▸ **ACTIVITY**: In the material below, find the line with "Kurdschi Banian, mandataire" and the line with "1 Photo Elegant", then output both and every line between them exactly, omitting pictures.

***** ENTRIES SHOWN *****

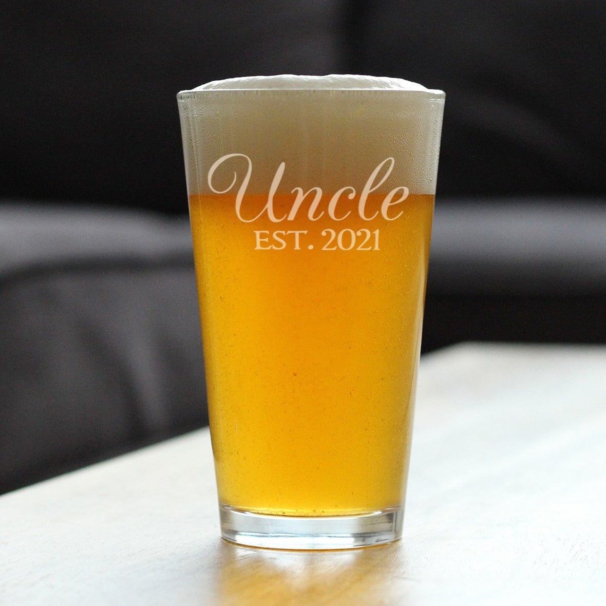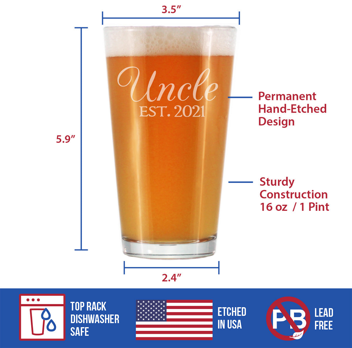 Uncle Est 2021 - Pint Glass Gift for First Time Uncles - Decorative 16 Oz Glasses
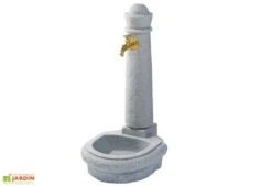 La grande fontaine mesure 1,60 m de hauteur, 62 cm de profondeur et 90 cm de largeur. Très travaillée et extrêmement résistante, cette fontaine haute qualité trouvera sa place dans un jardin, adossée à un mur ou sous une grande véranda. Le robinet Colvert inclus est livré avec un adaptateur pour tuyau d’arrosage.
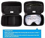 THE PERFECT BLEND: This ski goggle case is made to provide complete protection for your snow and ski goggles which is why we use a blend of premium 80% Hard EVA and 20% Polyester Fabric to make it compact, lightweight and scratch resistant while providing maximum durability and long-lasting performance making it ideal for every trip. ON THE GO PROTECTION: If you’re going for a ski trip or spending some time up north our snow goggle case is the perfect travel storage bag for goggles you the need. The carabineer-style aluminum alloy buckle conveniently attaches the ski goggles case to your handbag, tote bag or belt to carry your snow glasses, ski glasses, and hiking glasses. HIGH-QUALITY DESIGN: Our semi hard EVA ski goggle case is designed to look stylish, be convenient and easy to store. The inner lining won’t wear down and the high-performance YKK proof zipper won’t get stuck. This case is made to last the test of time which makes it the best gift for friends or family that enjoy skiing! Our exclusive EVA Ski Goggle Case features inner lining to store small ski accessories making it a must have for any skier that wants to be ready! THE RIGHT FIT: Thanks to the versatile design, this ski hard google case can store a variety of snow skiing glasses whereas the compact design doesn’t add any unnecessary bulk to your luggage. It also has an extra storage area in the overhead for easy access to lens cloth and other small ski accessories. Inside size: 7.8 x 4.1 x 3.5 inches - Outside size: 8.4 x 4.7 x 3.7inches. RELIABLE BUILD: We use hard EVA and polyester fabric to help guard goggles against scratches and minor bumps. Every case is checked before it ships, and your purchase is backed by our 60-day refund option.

*****
***** ENTRIES SHOWN *****

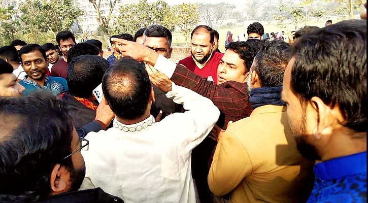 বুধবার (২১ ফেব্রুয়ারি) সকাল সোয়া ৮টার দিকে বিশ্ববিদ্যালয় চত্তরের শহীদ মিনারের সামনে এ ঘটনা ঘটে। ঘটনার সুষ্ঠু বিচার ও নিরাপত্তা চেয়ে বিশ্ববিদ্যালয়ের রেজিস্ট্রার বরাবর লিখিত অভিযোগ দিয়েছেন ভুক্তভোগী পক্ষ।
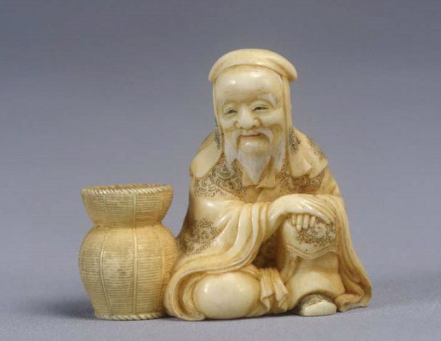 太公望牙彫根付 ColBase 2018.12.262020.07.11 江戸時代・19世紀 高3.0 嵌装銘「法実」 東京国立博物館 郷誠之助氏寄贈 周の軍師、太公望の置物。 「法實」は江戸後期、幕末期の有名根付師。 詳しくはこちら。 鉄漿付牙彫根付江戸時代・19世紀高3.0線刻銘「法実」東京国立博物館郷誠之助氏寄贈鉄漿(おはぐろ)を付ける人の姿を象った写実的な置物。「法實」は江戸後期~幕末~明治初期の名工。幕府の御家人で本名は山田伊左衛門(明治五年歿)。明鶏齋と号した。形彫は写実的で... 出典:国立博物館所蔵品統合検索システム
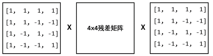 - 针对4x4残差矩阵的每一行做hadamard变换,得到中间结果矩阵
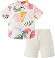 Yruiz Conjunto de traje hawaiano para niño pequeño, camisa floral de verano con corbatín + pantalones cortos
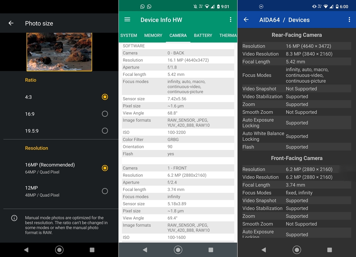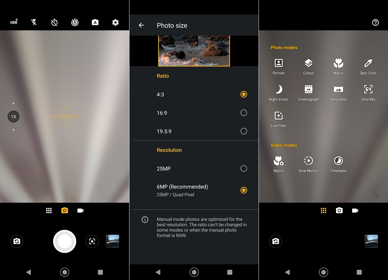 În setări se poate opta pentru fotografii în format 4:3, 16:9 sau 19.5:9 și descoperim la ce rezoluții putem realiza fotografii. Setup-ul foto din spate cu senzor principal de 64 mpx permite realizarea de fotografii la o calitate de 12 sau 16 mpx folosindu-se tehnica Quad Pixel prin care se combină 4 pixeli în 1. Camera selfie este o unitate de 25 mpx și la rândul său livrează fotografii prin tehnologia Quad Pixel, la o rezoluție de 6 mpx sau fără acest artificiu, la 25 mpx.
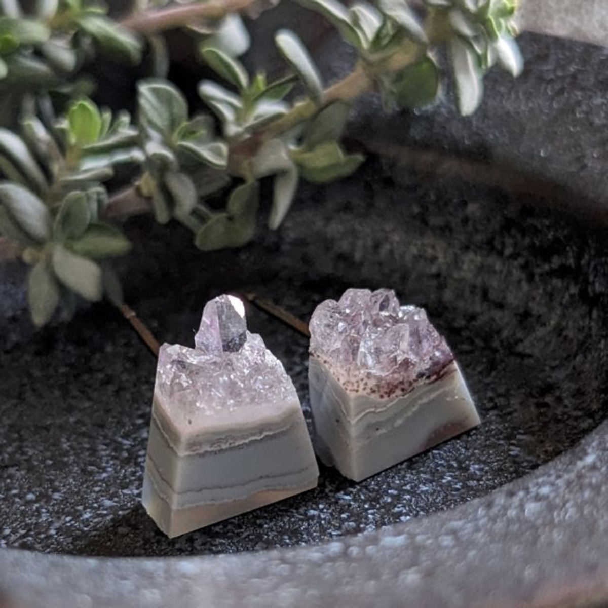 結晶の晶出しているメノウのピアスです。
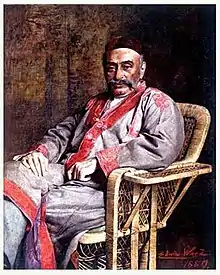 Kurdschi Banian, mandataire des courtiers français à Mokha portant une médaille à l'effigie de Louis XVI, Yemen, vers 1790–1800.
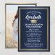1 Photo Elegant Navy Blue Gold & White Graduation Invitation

*****

▸ **RESULT BELOW**:
 Kurdschi Banian, mandataire des courtiers français à Mokha portant une médaille à l'effigie de Louis XVI, Yemen, vers 1790–1800.
1 Photo Elegant Navy Blue Gold & White Graduation Invitation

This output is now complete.